Return only the lines of the data below from the line with "Tv-meubel 80x34,5x40cm bewerkt" up to and including the line with "I'm using voicemeeter", exactly as written, with the pictures omitted.

▶ Task material
== == ==
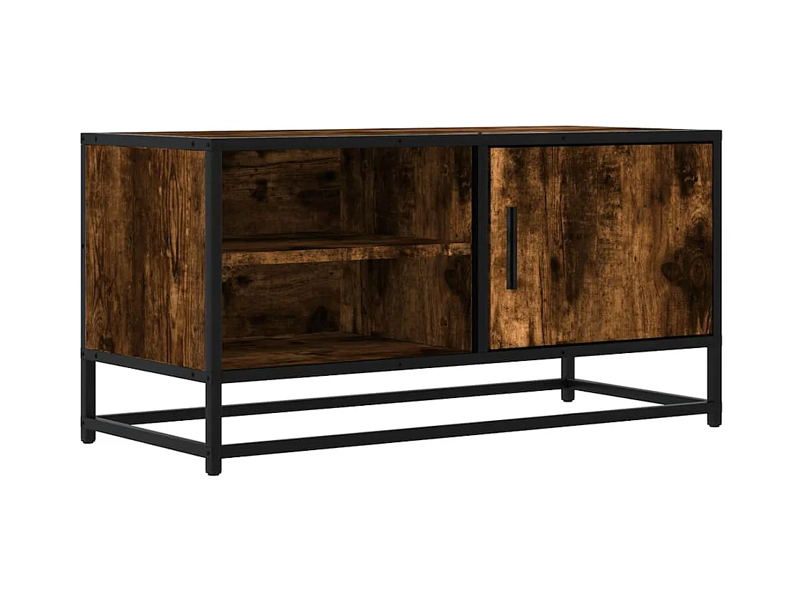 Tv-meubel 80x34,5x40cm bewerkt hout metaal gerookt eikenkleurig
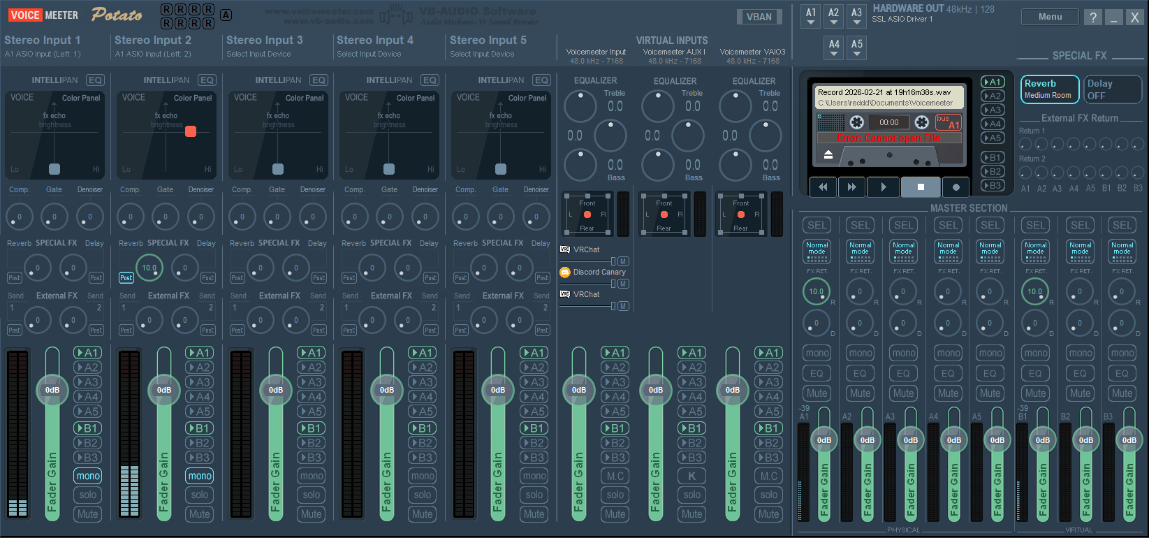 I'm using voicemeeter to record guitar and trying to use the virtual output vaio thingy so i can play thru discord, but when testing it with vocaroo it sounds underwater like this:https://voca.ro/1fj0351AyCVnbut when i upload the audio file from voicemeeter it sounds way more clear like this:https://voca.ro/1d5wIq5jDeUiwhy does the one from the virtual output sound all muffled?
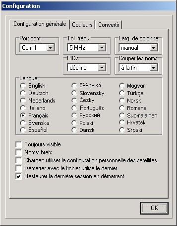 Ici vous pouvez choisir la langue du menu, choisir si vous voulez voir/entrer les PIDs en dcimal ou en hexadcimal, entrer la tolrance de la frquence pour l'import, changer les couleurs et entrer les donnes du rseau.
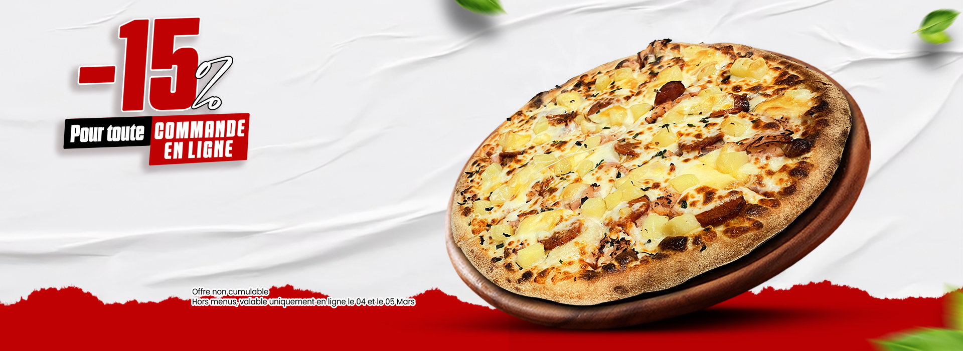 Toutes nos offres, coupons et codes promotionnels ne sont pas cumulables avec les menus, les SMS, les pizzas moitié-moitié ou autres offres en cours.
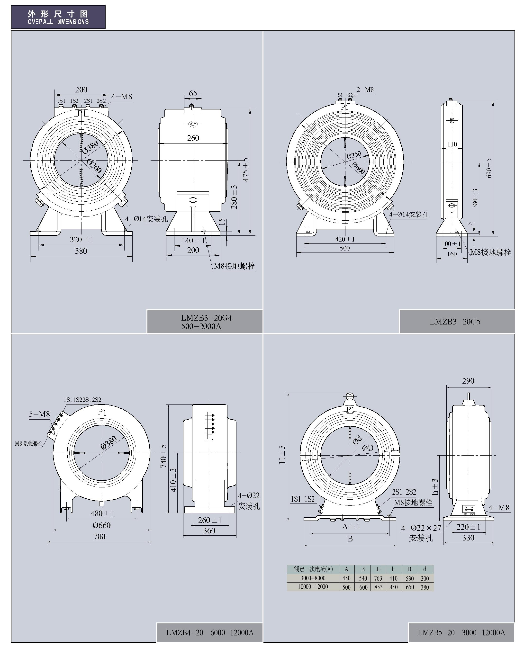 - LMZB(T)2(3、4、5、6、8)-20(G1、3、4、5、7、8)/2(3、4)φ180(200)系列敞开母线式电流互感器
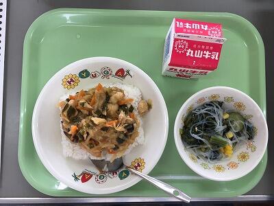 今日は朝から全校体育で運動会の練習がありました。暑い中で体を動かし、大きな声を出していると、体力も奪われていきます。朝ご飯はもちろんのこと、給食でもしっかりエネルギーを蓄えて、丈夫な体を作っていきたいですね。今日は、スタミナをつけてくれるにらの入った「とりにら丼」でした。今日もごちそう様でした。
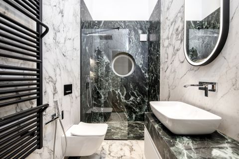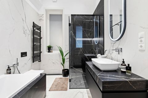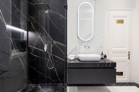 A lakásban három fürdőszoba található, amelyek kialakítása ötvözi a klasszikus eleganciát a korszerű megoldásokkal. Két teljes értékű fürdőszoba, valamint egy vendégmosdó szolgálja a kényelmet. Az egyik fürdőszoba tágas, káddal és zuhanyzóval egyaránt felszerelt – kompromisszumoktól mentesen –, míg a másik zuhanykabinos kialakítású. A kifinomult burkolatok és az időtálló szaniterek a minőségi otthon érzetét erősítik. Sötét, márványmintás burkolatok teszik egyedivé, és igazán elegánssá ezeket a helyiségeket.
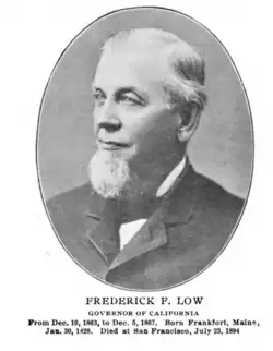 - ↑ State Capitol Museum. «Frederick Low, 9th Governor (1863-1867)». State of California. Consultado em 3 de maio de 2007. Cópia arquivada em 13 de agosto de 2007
== == ==
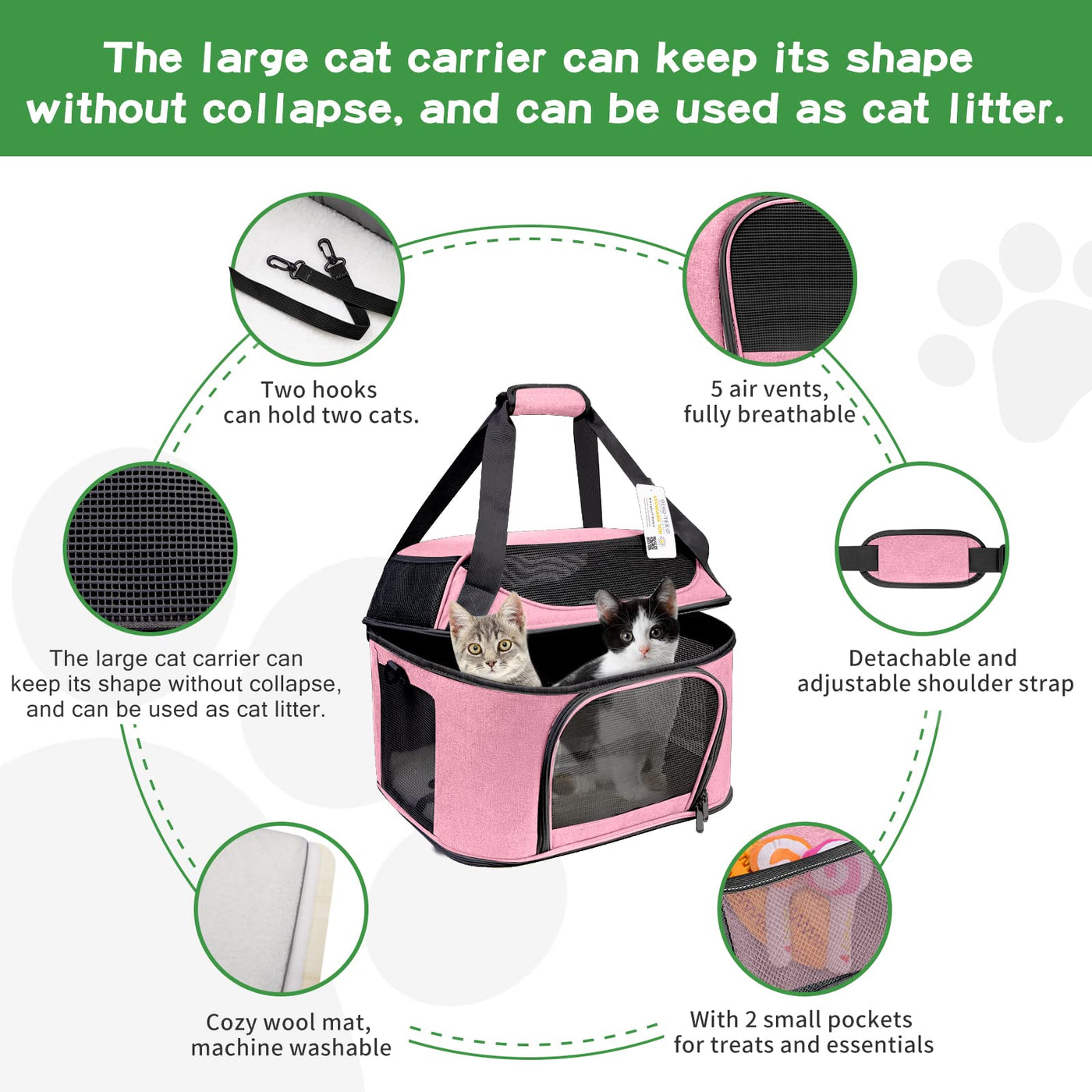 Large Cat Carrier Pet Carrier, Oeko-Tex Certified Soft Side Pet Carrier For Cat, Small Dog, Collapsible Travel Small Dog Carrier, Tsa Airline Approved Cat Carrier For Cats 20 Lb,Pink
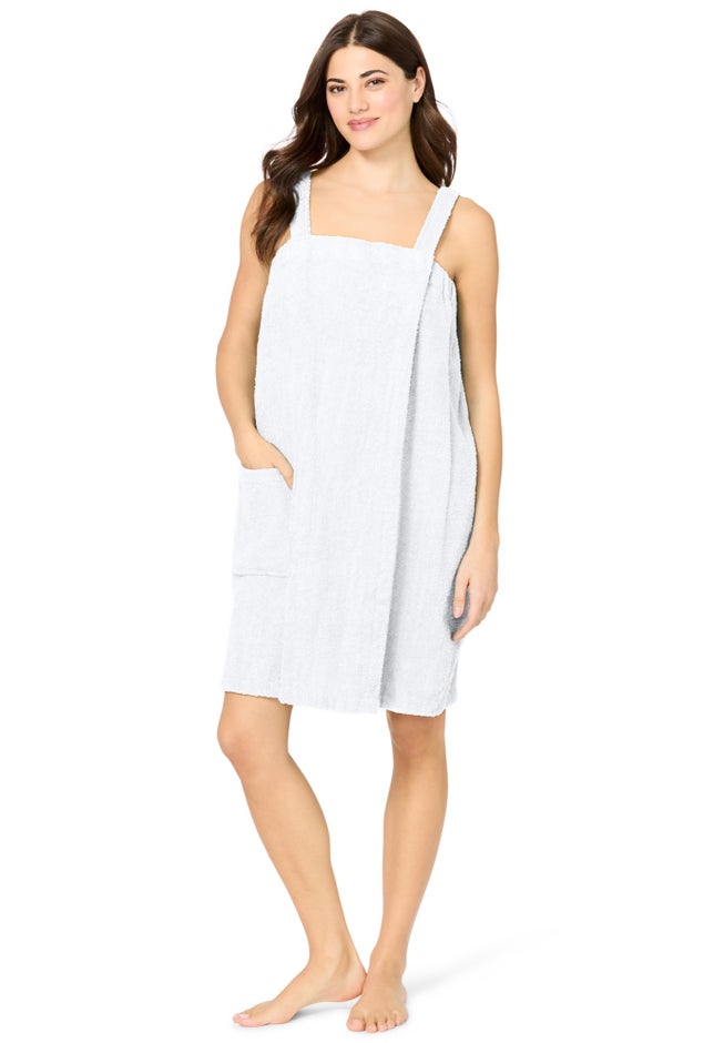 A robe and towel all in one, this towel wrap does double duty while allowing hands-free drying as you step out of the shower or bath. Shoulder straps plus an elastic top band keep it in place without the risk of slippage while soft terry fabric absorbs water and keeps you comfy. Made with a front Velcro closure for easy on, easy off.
== == ==
▶ Expected output
 Tv-meubel 80x34,5x40cm bewerkt hout metaal gerookt eikenkleurig
 I'm using voicemeeter to record guitar and trying to use the virtual output vaio thingy so i can play thru discord, but when testing it with vocaroo it sounds underwater like this:https://voca.ro/1fj0351AyCVnbut when i upload the audio file from voicemeeter it sounds way more clear like this:https://voca.ro/1d5wIq5jDeUiwhy does the one from the virtual output sound all muffled?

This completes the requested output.